Ecosyste.ms: Awesome

An open API service indexing awesome lists of open source software.

Awesome Lists | Featured Topics | Projects

https://github.com/mykter/lichess-puzzle-stats

Analysis of puzzle performance across lichess users
https://github.com/mykter/lichess-puzzle-stats

chess lichess statistics

Last synced: 5 days ago
JSON representation

Analysis of puzzle performance across lichess users

Awesome Lists containing this project

README

        

Performance statistics for lichess

Lichess.org is an amazing free and [open source](https://github.com/ornicar/lila/) chess site. It has various built-in stats for the performance of players, exposes an API to query their database, and publishes datasets of games played.

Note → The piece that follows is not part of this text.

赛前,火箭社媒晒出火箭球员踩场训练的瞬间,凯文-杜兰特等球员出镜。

This tool extends the built-in statistical analysis of lichess to do:
1. Puzzle rating distribution
2. Change in puzzle rating over time across large numbers of users

It is not a 'production quality' tool, but a hacky script written to answer some specific questions.

# Rating distribution
For reasons I'm not familiar with, Lichess doesn't tell you how your puzzle performance compares to other users, like it does for all your other performance scores. We derive it locally by downloading a sample of user's puzzle performance via the API, then comparing a given score against that distribution. To see where a puzzle rating of 2000 falls in a sample, run:

```
$ ./puzzle.py dist 2000 --perffile perf-65k-users-april-2020.json
Read 65528 cached users' performance data
Better than 83.24% of sampled users
```

# Change in puzzle ratings over time
During the start of the lockdown measures in response to the COVID-19 pandemic, I found my puzzle rating plumeted - I presume due to the stress of the situation. I wondered if the same had happened to others, and wrote this tool to try and answer the question.

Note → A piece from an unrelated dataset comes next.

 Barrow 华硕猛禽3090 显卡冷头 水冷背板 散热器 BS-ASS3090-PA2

We need a big sample of user's performance data to answer this. I obtained this by downloading the game database export for a recent month, and extract user IDs from that. Then randomly picked a subset of these users and queried the API to get their performance data. This takes a long time (days) to get a decent sample size.

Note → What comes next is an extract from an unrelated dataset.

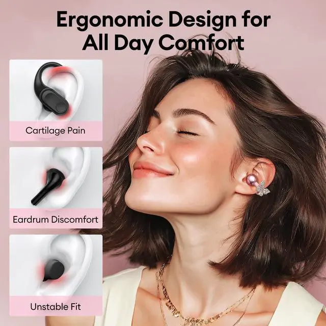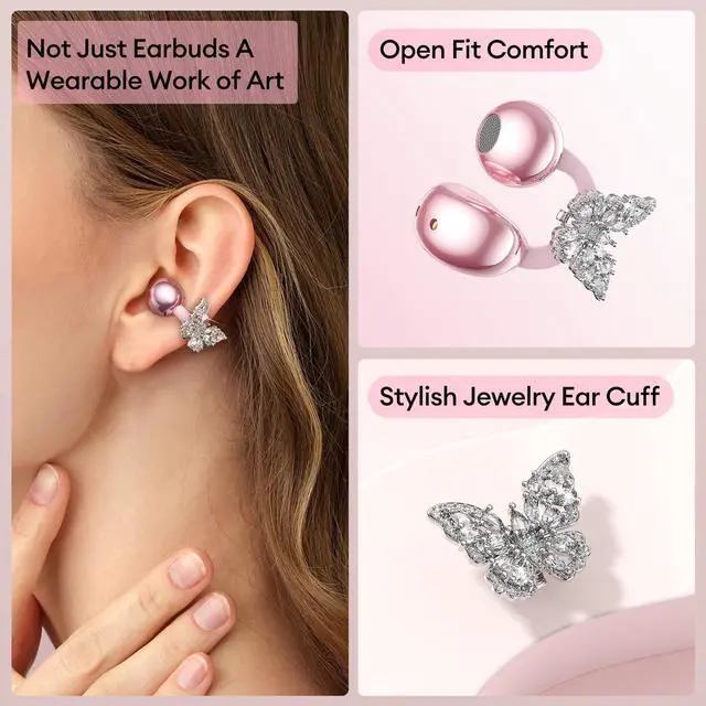 • Jewelry-Inspired Elegance Designed to Sparkle: Not just wireless earbuds - a chic fashion accessory. Featuring a removable butterfly earcuff with customizable designs, these open ear earbuds combine avant-garde style with crystal-clear sound. Wear them as a bold statement or a subtle accent-perfect to match your outfit or mood

The list of users active in March 2020 are included in this repo. To build your own list of active users, you can download a game database from https://database.lichess.org then do something like:

```
bunzip2 --stdout /tmp/lichess_db_standard_rated_2020-03.pgn.bz2 | grep -P '\[(White|Black) "\K[^"]+' -o > march-users
sort -u march-users
# then turn them into a json array, e.g. with a search/replace in a text editor or sed
```

Performance data for 65k users up to April 2020 is included in this repo. To get your own puzzle performance data for a sample of the users:

```
./puzzle.py -h # show options (sample size, periods, filenames)
./puzzle.py fetch # given a users file (such as the one included in the repo), get a sample of their performance data
```

Finally to analyze and visualize that data:

```
./puzzle.py filter # extract puzzle scores for the given time period from the cached perf data
./puzzle.py stats # from the cached filtered data, show mean increases, decreases, and a histogram of performance changes
```

So did lots of other people's score also suffer? Not really. The distribution of change in puzzle performance for March is wider than earlier months - i.e. people lost or gained more than usual - but there didn't seem to be an overall downwards trend. This isn't a particular high confidence conclusion - I'm no statistician, and there is at least one confounding factor I'm aware of: the puzzles ratings change in response to people solving them. If there was a widespread reduction in puzzle-solving capability, the rating system would dynamically adjust all puzzle's difficulty rating down, reducing the impact on everyone's performance score.